**Dataset excerpt:**

Segment Open

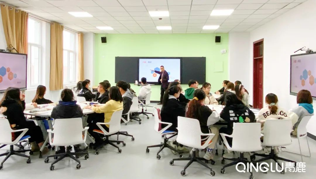 伊犁師范大學師范生綜合技能實訓中心建設了多間研討互動智慧教室,不同的教室配備了不同數量的U型拼接桌或圓形拼接桌,支持小組研討環境的實現,提高研討效率,可用于各種類型、規模的教學活動。
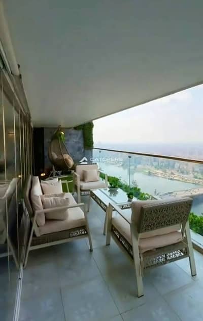 صف اول علي كورنيش المعادى شقه [تشطيب+فرش+ACs] فيو ع النيل مباشرة برج ريف دو نيل - REVE DU NIL Maadi بجوار هيلتون المعادي باعلي عائد من الايجار
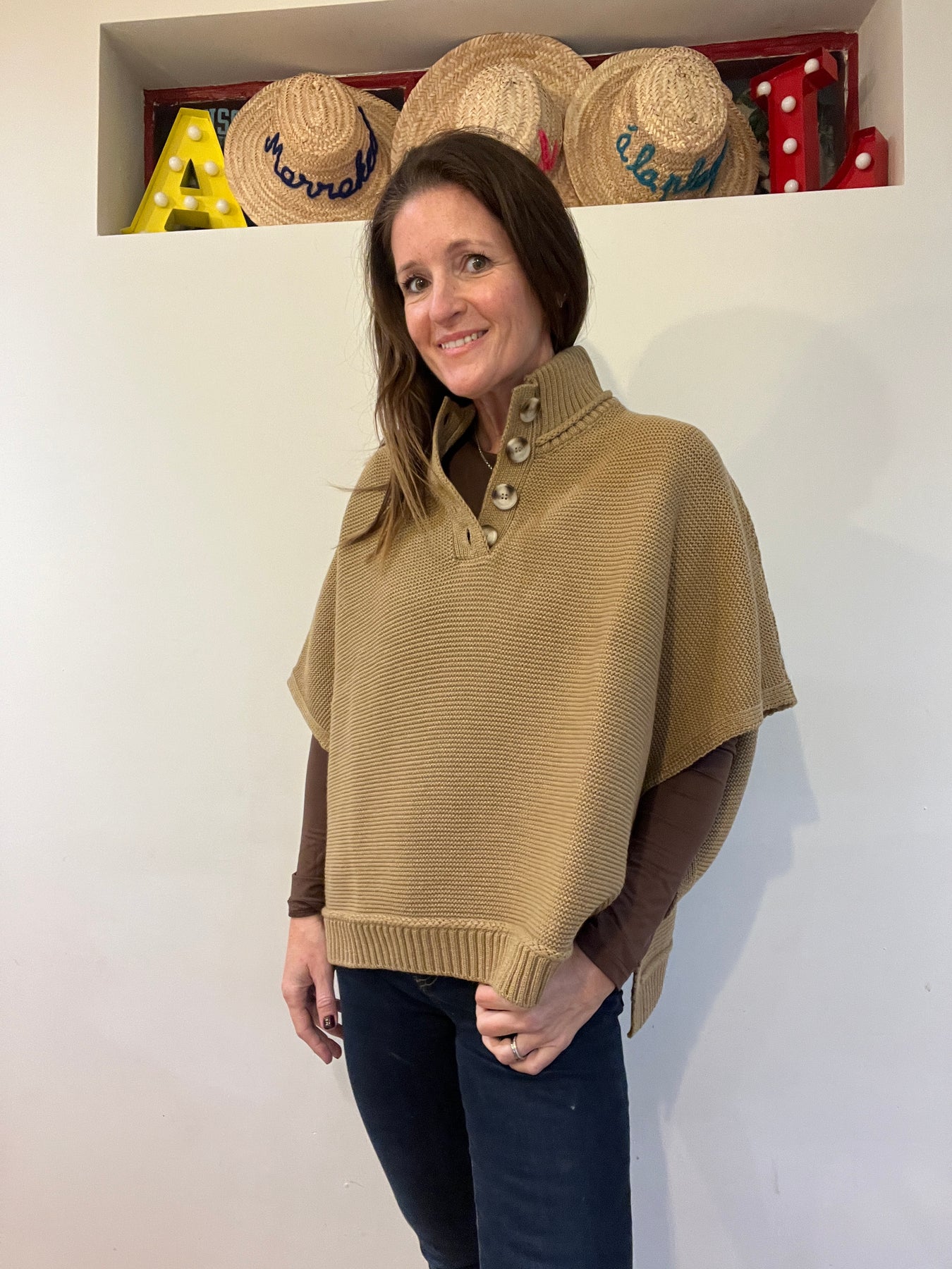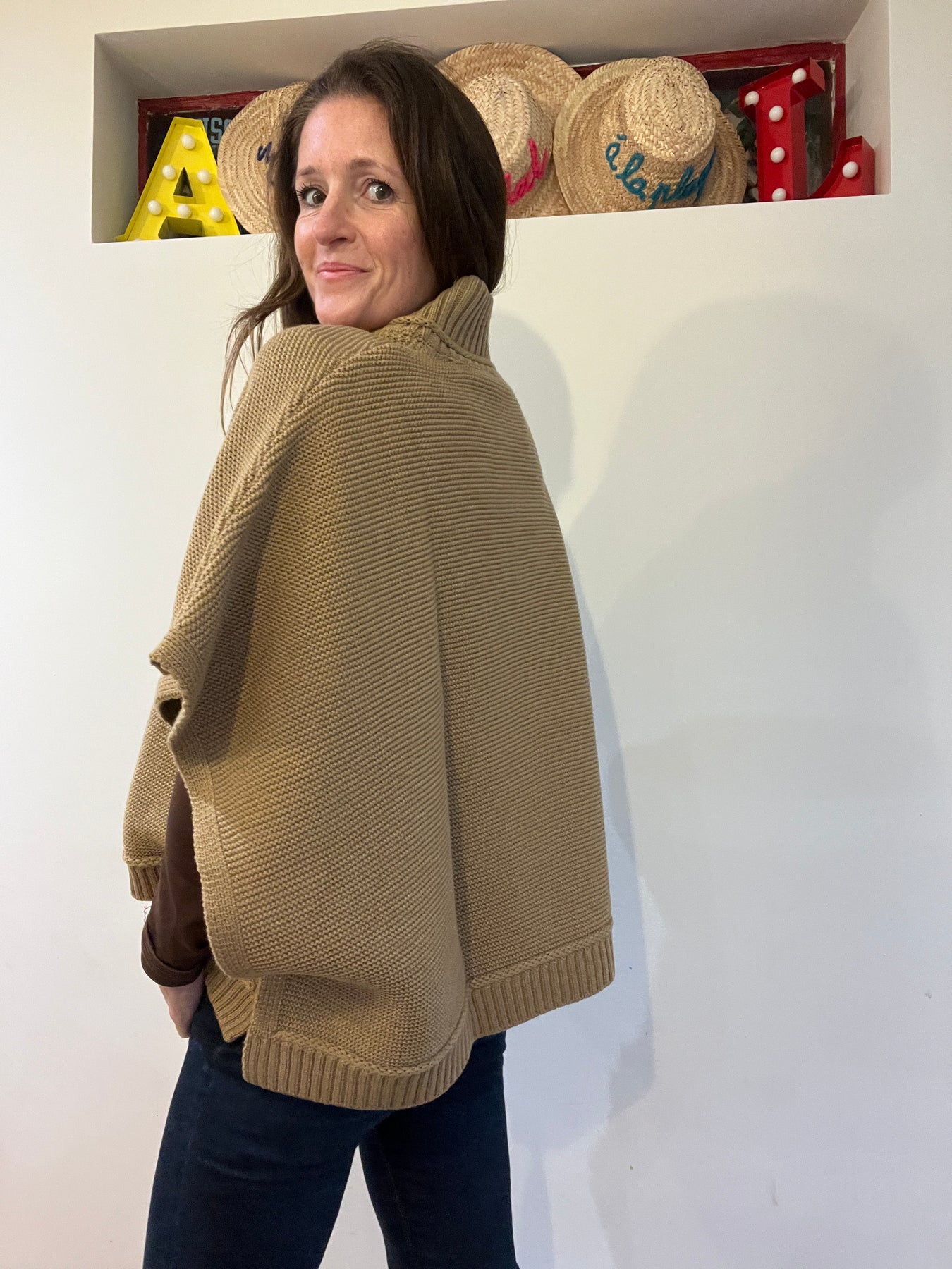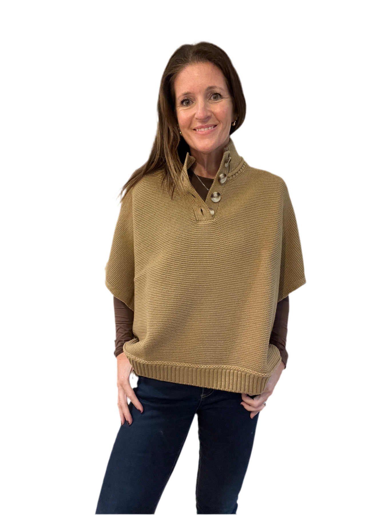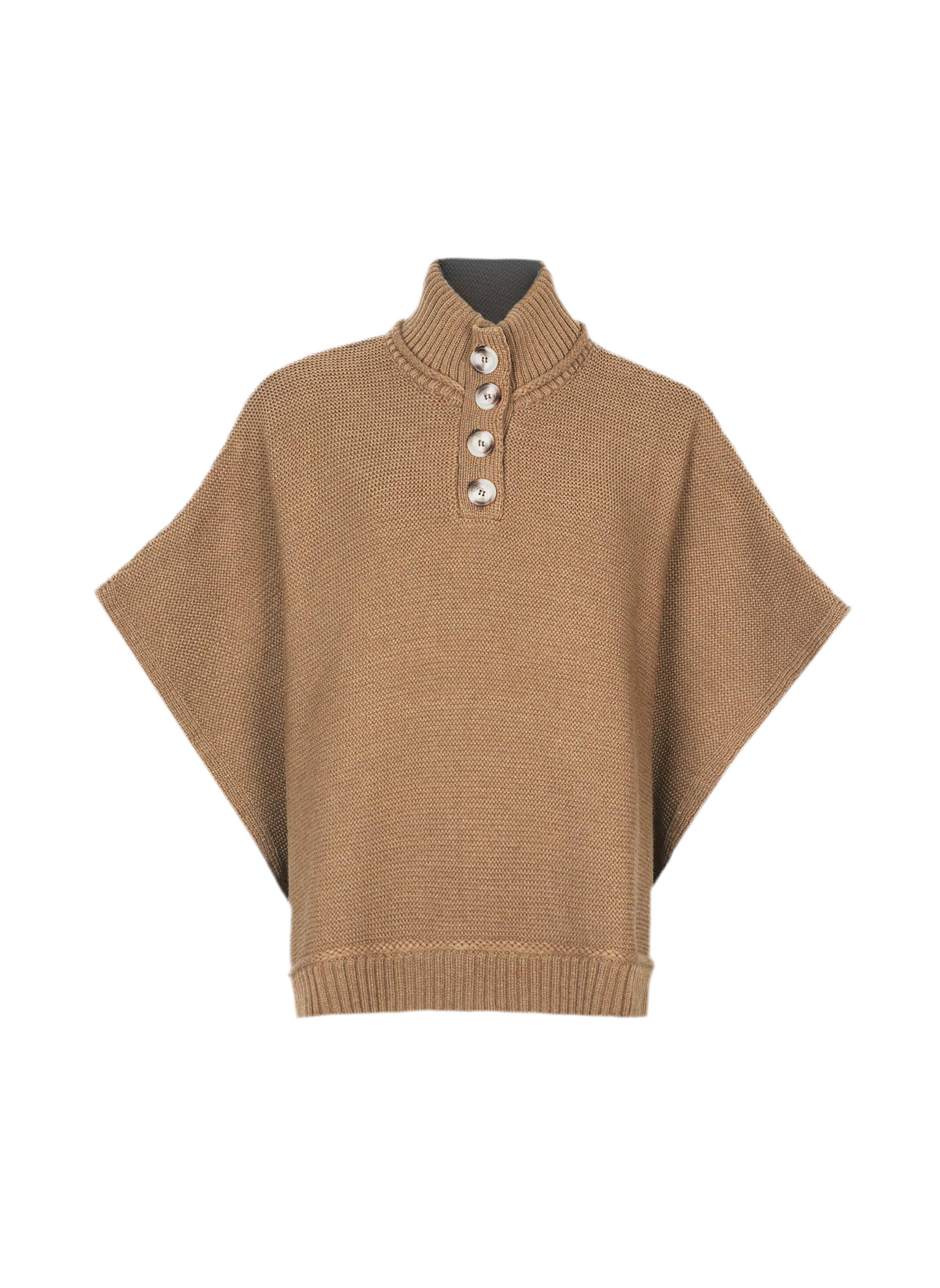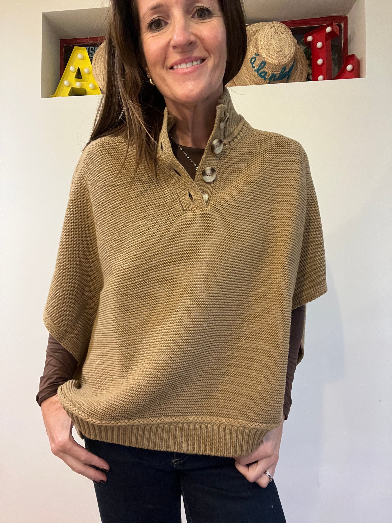 Crafted with a warm, sleeveless knit design and horn effect buttons, this poncho-style jumper offers both comfort and fashion.

Segment Closed

**Assignment:** Output everything in the material exactly. Pictures stay out of it.

**Answer for this exercise:**
 伊犁師范大學師范生綜合技能實訓中心建設了多間研討互動智慧教室,不同的教室配備了不同數量的U型拼接桌或圓形拼接桌,支持小組研討環境的實現,提高研討效率,可用于各種類型、規模的教學活動。
 صف اول علي كورنيش المعادى شقه [تشطيب+فرش+ACs] فيو ع النيل مباشرة برج ريف دو نيل - REVE DU NIL Maadi بجوار هيلتون المعادي باعلي عائد من الايجار
 Crafted with a warm, sleeveless knit design and horn effect buttons, this poncho-style jumper offers both comfort and fashion.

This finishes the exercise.